──────── DATA TO USE ────────
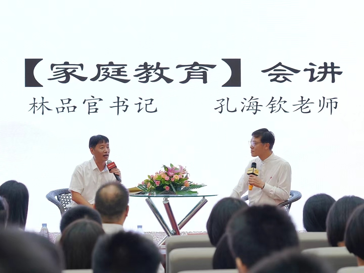 随後,孔海(hǎi)欽老師(shī)與李品官書(shū)記先生進行(xíng)了家庭教育會(huì)講。會(huì)講中,孔海(hǎi)欽老師(shī)稱贊李品官書(shū)記爲“教育家”,對其教育理(lǐ)念表示高(gāo)度肯定。李品官書(shū)記則謙稱自己是“孩子王”,介紹了近35年從教經驗下的(de)教育方式方法以及教育理(lǐ)念,兩位就未來繼續推進續優秀傳統文(wén)化進校(xiào)園、進課堂進行(xíng)深入交流,并答現場(chǎng)家庭代表有(yǒu)關提問。
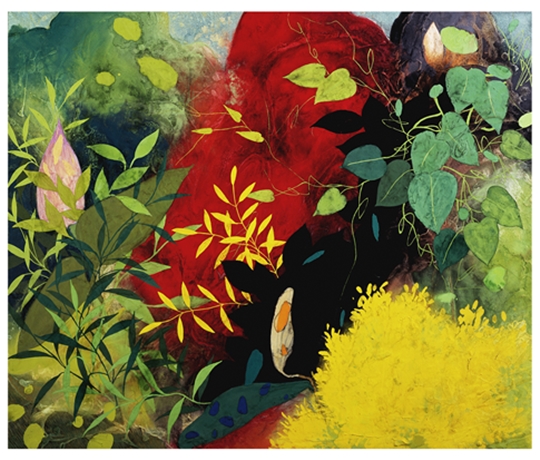 그리고 문외한을 앞에 두고 그는 당시에 관해 이렇게 운을 뗀다. “당시 한국화에서 금기시 되던 색이 노랑과 빨강였어요. 문인화에서 꽃 그릴 때 말고는 쓸 일이 없었죠. 그러다보니 물감이 많이 남지 않겠어요?” 요는 그렇게 남은 물감들이 아까워 채묵화를 그리게 됐다는 설명이다. 그렇게 참 단순하고 알기 쉽게 시작된 작업이지만 그 작업의 성과는 간단치 않았던 모양이다. 평론가 오광수는 “먹이란 평면을 만들고 그 위에 채색의 이미지를 구사하는 형식“으로 ”바탕의 수묵은 오랜 시간의 축적 같은 의미태로서 나타나며 채색으로 떠오르는 이미지들은 축적된 시간의 저 깊은 바닥에서 서서히 밖으로 솟아오르는 특징을 지니고 있다“고 평했다.
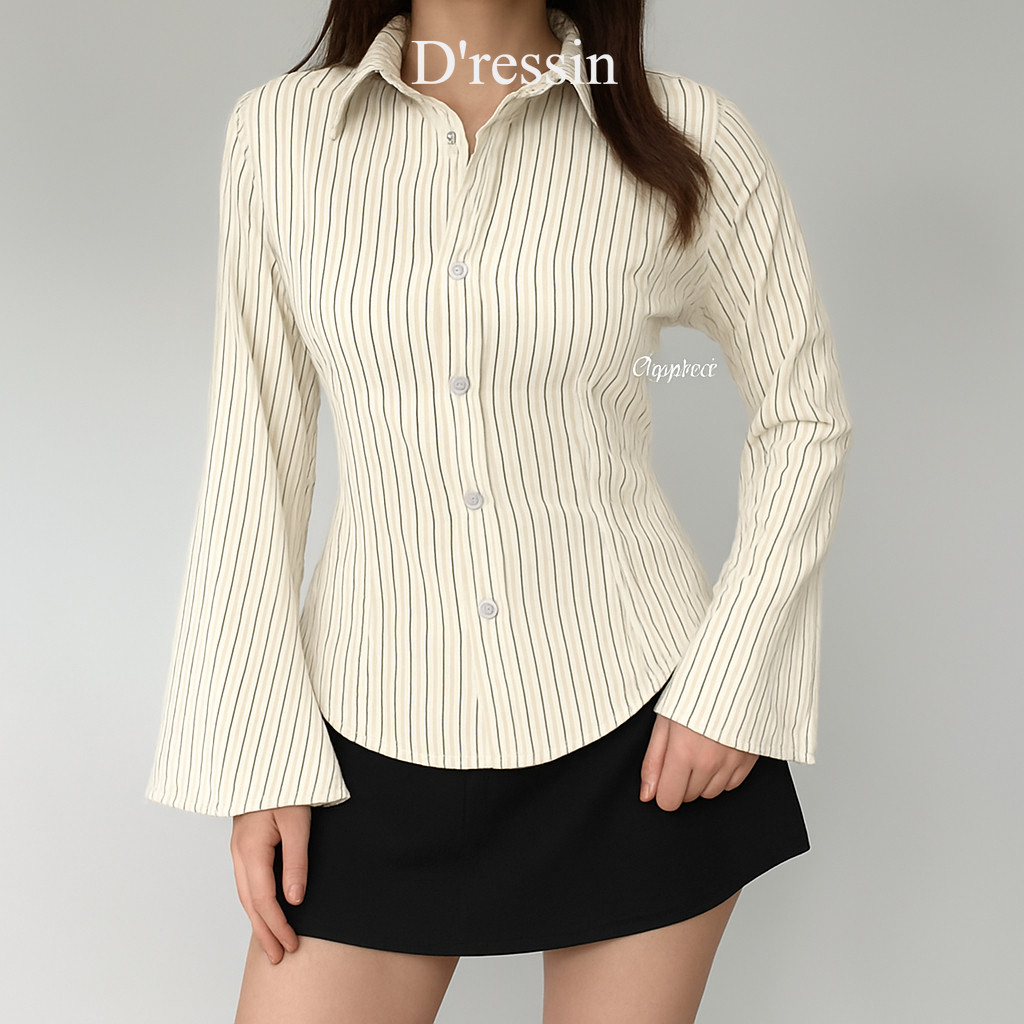Kemeja Whispie Atasan Wanita Motif Salur Garis Stripe Slim Fit Body – Lengan Flare Elegan, Kekinian
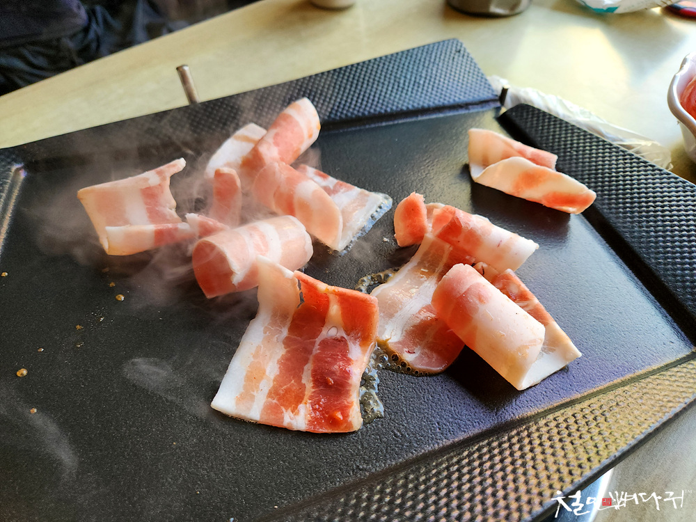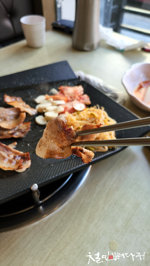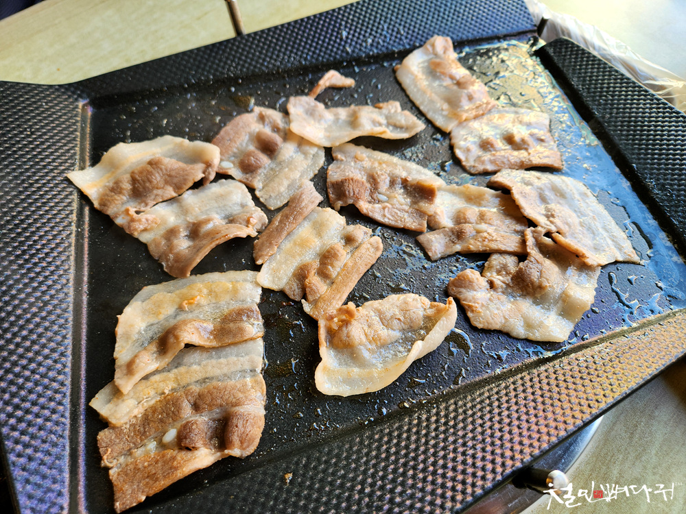 순간의 시간을 이용해서 먹는 대패삼겹살 맛있습니다.
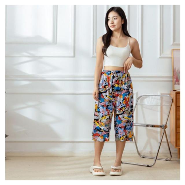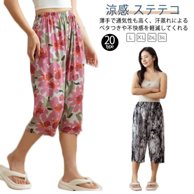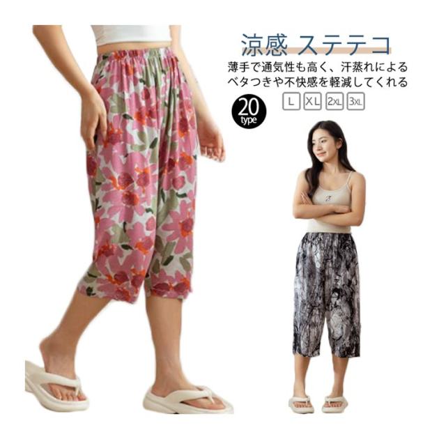 速乾 涼しい レディース パジャマ メンズ ワイドパンツ ナイトウェア 総柄 すててこ 夏 ステテコ 綿 リラックスパンツ 伸縮性 蒸れない 7分丈 カラフル 薄手 植物柄 ユニセックス 涼感 ハーフパンツ 部屋着 ルームウェア カジュアル
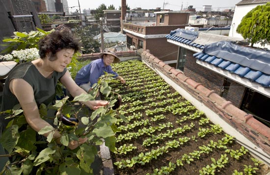 Depuis 2002, le gouvernement de la ville de Séoul a encouragé les propriétaires d’immeubles à créer des jardins sur les toits dans le cadre de son initiative «Green Seoul ».
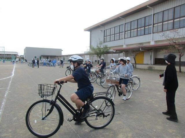 1年生 交通安全技能講習 公開日 2026/04/14 更新日 2026/04/14 お知らせ 1年生は、5校時に交通安全技能講習を行いました。すぐに反応して自転車の方向を変える練習やクラス全員での八の字走行をしました。八の字走行では、声を掛け合って、ぶつからないように走ることができました。毎日乗る自転車です。安全第一で、登下校してください! +5
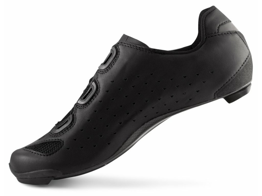 Závodní silniční tretry LAKE CX238 s dvěma upínacími systémy BOA a 100% karbonovou podrážkou Lake Race zajišťující požadovanou tuhost s optimálním přenosem síly na pedál. Svršek modelu je vyroben z kvalitní kůže s dlouhou životností zachovávající si vysokou prodyšnost a voděodolnost. V oblasti paty byl použit jednosměrný fleece zabraňující vyzouvání, který napomáhá udržet nohu na svém místě a předchází nechtěnému pohybu nohy v tretře.Svršek
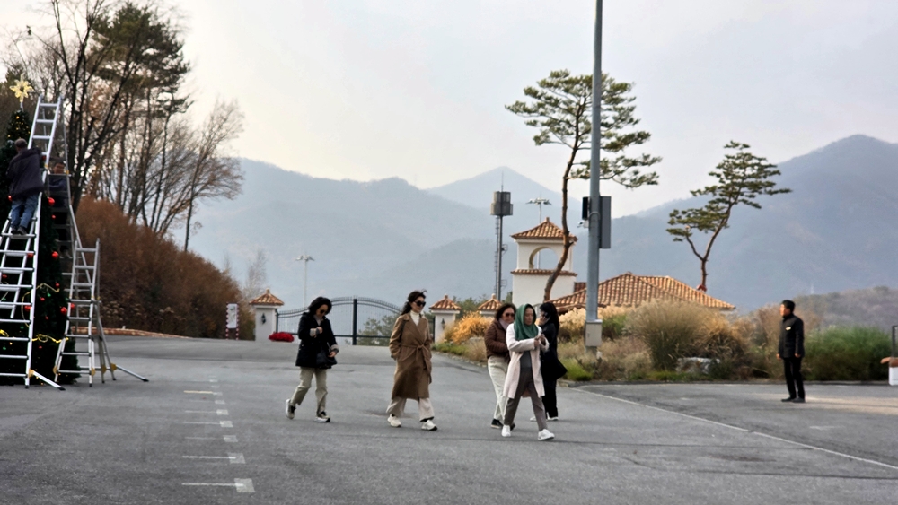 궁전 건물 전체가 카메라 앵글에 잡히지 않는다. 그래서 손님맞이 기능사가 단 한 곳의 위치를 안내하며 촬영의 수고를 해주고 있다
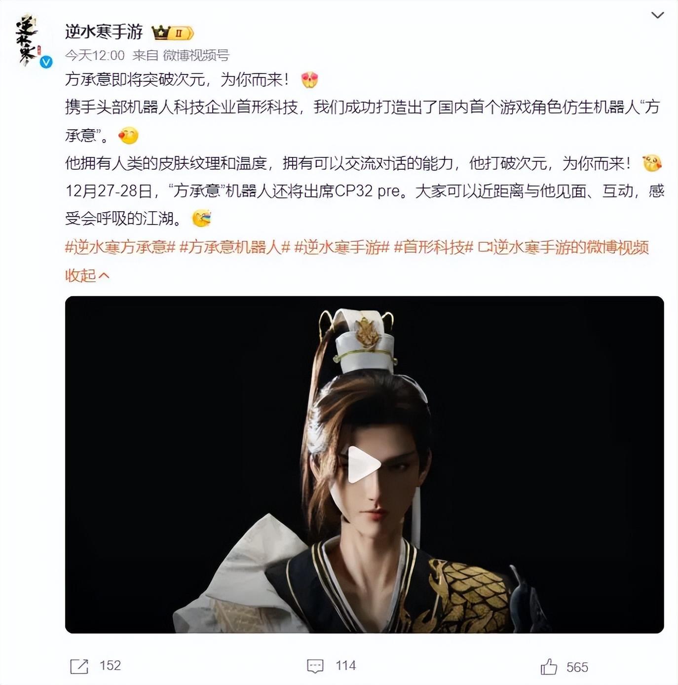 這份浪漫甚至延伸到了現實——在最近的CP展上,遊戲方與“首形科技”合作,推出了國內首個遊戲角色仿生機器人,將方承意從屏幕中“帶”到了玩家面前——驚的單推人直呼“各乙遊戲還沒幹的事,讓你小子先整出來了“。
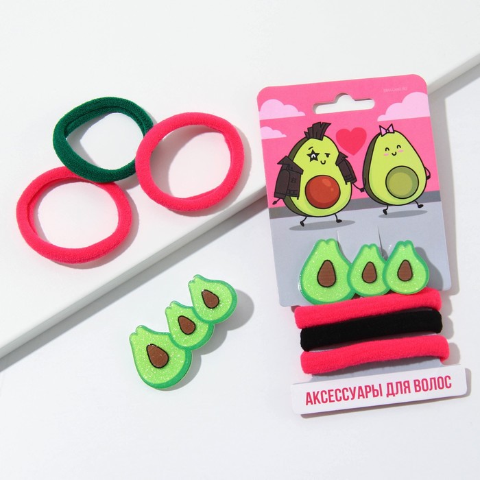 Резинки и заколка для волос «Авокадная парочка», набор
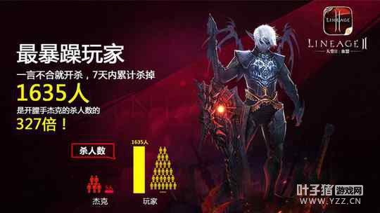 《天堂2血盟手游》中对于红名的惩罚还是非常有力度的,但是这也档不住暴躁玩家的杀人欲望。据统计,本次测试中杀人最多的玩家累计杀死了1635人,一言不合就开杀,历史上赫赫有名的开膛手杰克简直无法和他相提并论(这个比喻还真是有点……吓人呢)。 当然啦,最后只要大家玩的开心就是最好的,想要知道更多关于《天堂2血盟》手游的最新消息,就来关注叶子猪吧! [编辑:叶子猪小秘书]
────────
--- TASK PROMPT ---
For this exercise, set down the lines in the entries above from the one with "Depuis 2002, le" through the one with "1年生 交通安全技能講習 公開日" exactly as written, without any pictures.

--- RESULT OF THE TASK ---
 Depuis 2002, le gouvernement de la ville de Séoul a encouragé les propriétaires d’immeubles à créer des jardins sur les toits dans le cadre de son initiative «Green Seoul ».
 1年生 交通安全技能講習 公開日 2026/04/14 更新日 2026/04/14 お知らせ 1年生は、5校時に交通安全技能講習を行いました。すぐに反応して自転車の方向を変える練習やクラス全員での八の字走行をしました。八の字走行では、声を掛け合って、ぶつからないように走ることができました。毎日乗る自転車です。安全第一で、登下校してください! +5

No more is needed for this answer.